How tempting it was to think of continuing to enjoy the easy, comfortable and intimate friendship that he and I have always had. Of sort of re-setting to before we started to try dating again... keeping all the good stuff, the conversation and the camaraderie and the closeness, without the pressure, without having to agonize over whether or not I wanted to commit to this man and this relationship above all others. But could it possibly be that simple?
Well, we had a REALLY good conversation today and I'm beginning to think that, yeah, maybe it could be. We both laid it all out on the table. He explained that, in his mind, in a way we never really even moved on from being fwb's. We may have intended to, but without taking any concrete steps it wasn't real to him. That's why it was so easy for him to take this "breakup" well. He said that, in fact, he'd been thinking for a couple of months of suggesting the same thing, that we let the idea of partnership go, that he set me free from the semi-monogamous bounds I'd been adhering to for his sake.
He resisted the notion of breaking up when I brought it up, because he was still torn about it, and because nobody likes being rejected, but in his heart a large part of him had already accepted that this wasn't going to work out how we'd envisioned. I was kind of shocked to hear that he'd felt that way, but also greatly relieved.
For my part, I explained everything I've written above.

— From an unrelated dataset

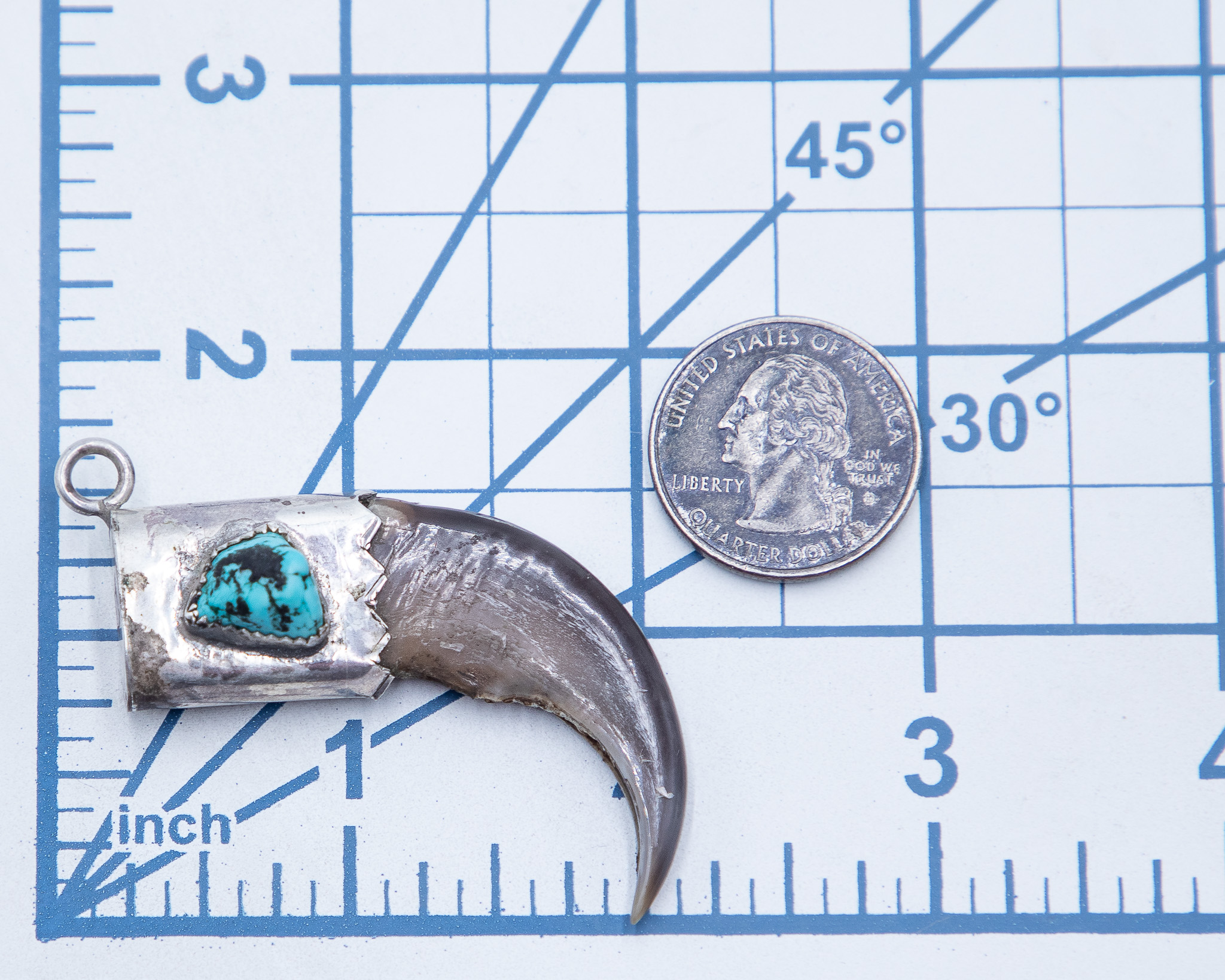 Vintage Navajo Turquoise Chunk Sterling Bear Claw Pendant 9g

I told him how I've felt guilt at the idea of getting to enjoy friendship and intimacy with him when it seems like it might be at the cost of him finding another partner. How I have a very hard time believing this could really be ok. He responded with candor to everything I said. He admitted that he might well be very hurt if/when I end up forming a partnership with someone else in the way I couldn't with him. It will be a bridge to either cross or burn when we get there. But, he said that he considers our friendship, our depth of understanding with each other, to be too valuable to sacrifice. He said that now, when he thinks about us growing old together, he can picture it being as best friends, and not necessarily as an old married couple.

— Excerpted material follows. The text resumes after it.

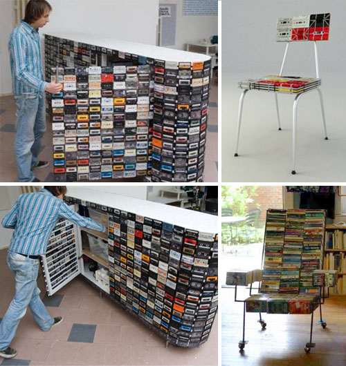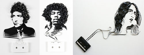 Anche gli artisti non disdegnano il riuso, lo sa bene Rossana Borzelli che ne da dimostrazione con le sue magnifiche porte o Erika Iris Simmons che nella sua incredibile serie dal titolo Ghost in the Machine, utilizza pellicole da musicassette riciclate e bobine di film vecchi per creare fantastici ritratti di artisti iconici e musicisti http://www.iri5.com.

Wow. To be that flexible, that logical about it... color me impressed. But I believed him, I didn't think he was lying to try to hold onto me by any means necessary, y'know? It was genuine.
And, more than that, his actions the last few days have all borne out the notion that this "new normal" really is ok. Is, in fact, better than the way things had been. For instance, Gia happened to also be at the lecture that he and I attended last night. Afterwards, the two of them spoke about some of the ideas that had been raised. They haven't spoke to each other in MONTHS, and he's always been sort of taciturn around her. Not so anymore, apparently.
Another thing, a friend of mine has been interested in practicing Japanese rope bondage on me (with me clothed) for some time. I'd brought it up to Davis, and he'd been uncomfortable with the idea of my friend and I doing that on our own. I suggested that maybe he could watch, learn a few things. He'd been non-committal. While he didn't outright reject the idea, I also couldn't pin him down on it. I brought it up again the other day and he said yes right away, we set a date.
Finally, the most striking thing -- we've agreed to hang out every Wednesday night. We didn't have a date night when we were dating, but now that we've broken up we have one. o_0 Just... it's kind of stunning how much better things feel, and how much smoother they're flowing, now that we've re-framed our connection.
Heh, I have NO idea how to explain this to either of our sets of parents.